O fim da correspondência
NA INAUGURAÇÃO DE UMA EXPOSIÇÃO EM LISBOA, o fotógrafo argentino Daniel Mordzinski contou que, quando começou a fazer retratos de escritores, eram ainda tempos de pombos-correio e cartas de amor. Também eu cresci numa época em que as raparigas esperavam todos os dias que o carteiro lhes entregasse um aerograma vindo de África (e que não fossem más notícias) ou umas linhas do noivo que tinha ido a salto para França, fugindo à guerra e à pobreza. A trabalhar lá em casa, a Virgínia, que tinha os olhos espantosamente verdes, casara-se por procuração com o namorado que vivia na Suíça; e, com grande pena nossa, aguardava apenas a «carta de chamada» para se lhe juntar, enquanto eu, a frequentar o Ciclo Preparatório, ensinava à irmã dela que, em francês, o seu nome se dizia «Marie du Ciel», caso também ela quisesse trocar Lisboa por Genève (o que, de resto, veio a acontecer).
Contudo, as que cá ficavam também não deixavam de ter direito a missivas: apaixonada por um fulano da terra que não lhe ligava um caracol, a Augusta tanto se queixou ao carteiro de nunca lhe trazer uma cartinha que ele decidiu escrever-lhe em nome próprio e a história entre os dois acabou em casório.

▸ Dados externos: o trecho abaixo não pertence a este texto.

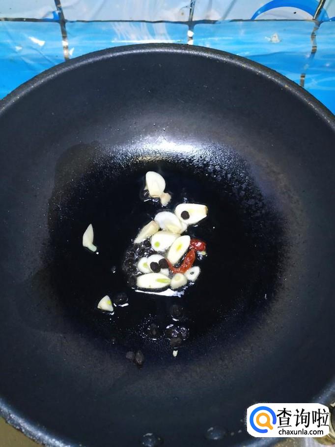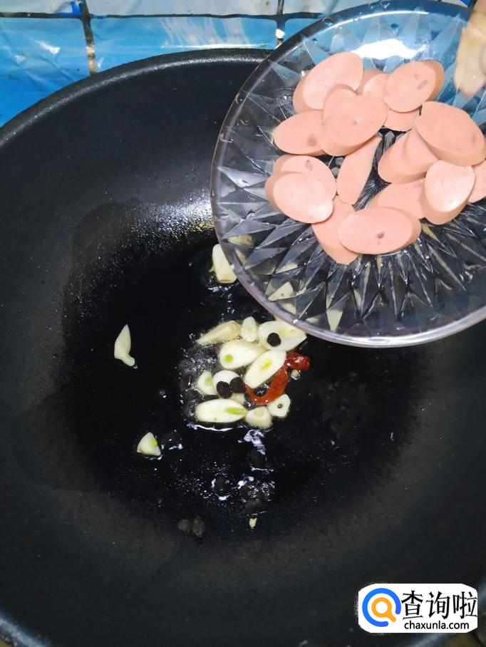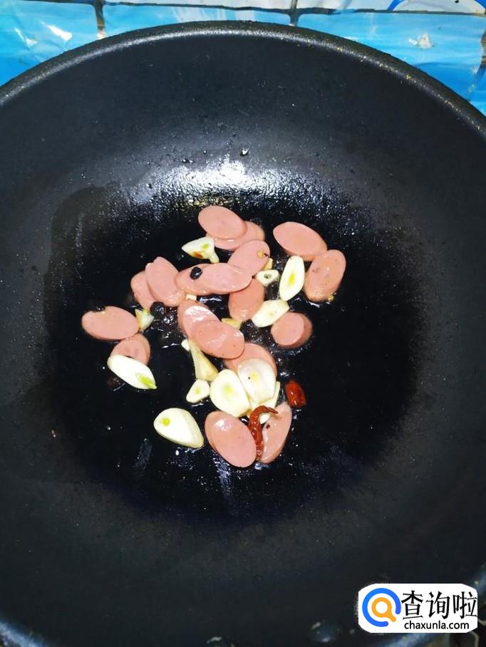 准备适量大蒜,去除外衣后,切成片备用,炒锅中放入适量油,油热后放入蒜片,干辣椒,豆豉炒香,然后将香肠倒入锅中,翻炒均匀。

Embora, como diz Chico Buarque na canção, o correio nesse tempo andasse arisco, nada impedia as pessoas de se escreverem regularmente e porem nisso, aliás, o devido cuidado. Eu própria me recordo de fazer rascunhos da minha correspondência amorosa e de investir numa prosa que resultasse bonita, porque isso era já parte do meu amor pelo destinatário. E em troca recebi cartas belíssimas que nem com o fim do namoro e o passar dos anos envelheceram; algumas guardo-as até hoje, como memória e como literatura.

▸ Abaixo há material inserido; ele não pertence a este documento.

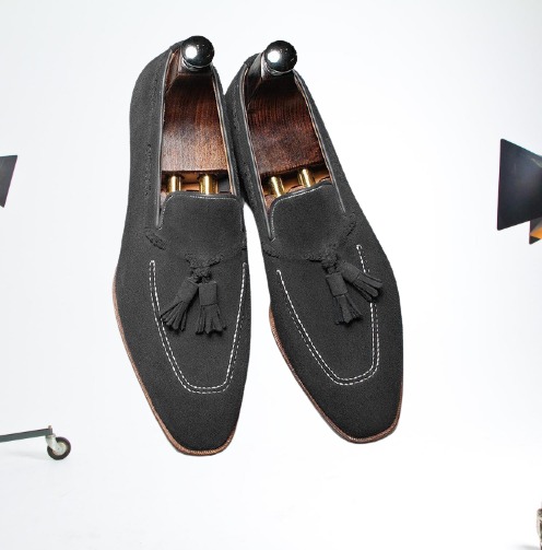Handmade Men Black Suede Leather Formal Dress Shoes, Suede Casual Shoes

Hoje a correspondência encontra-se em vias de extinção, tristemente substituída por e-mails apressados, nos quais é difícil descortinar emoções, e SMS ainda mais curtos — e quase sempre toscos na sua construção. Os políticos já não se correspondem como antigamente, e às gerações vindouras que queiram estudar os seus «reinados» não restará senão um conjunto de datadíssimos tweets. Também os escritores deixaram de trocar opiniões por escrito sobre os ares do tempo e a obra própria e alheia, tampouco redigindo longas cartas a pais, filhos ou jovens poetas que, pelo seu valor ético e estético, se transformem em livros imortais. E mesmo os mais velhos já desistiram de pedir aos netos que lhes mandem um postal quando vão de férias. É que o mais provável é chegarem a casa muito antes dele. Adeus, futuro.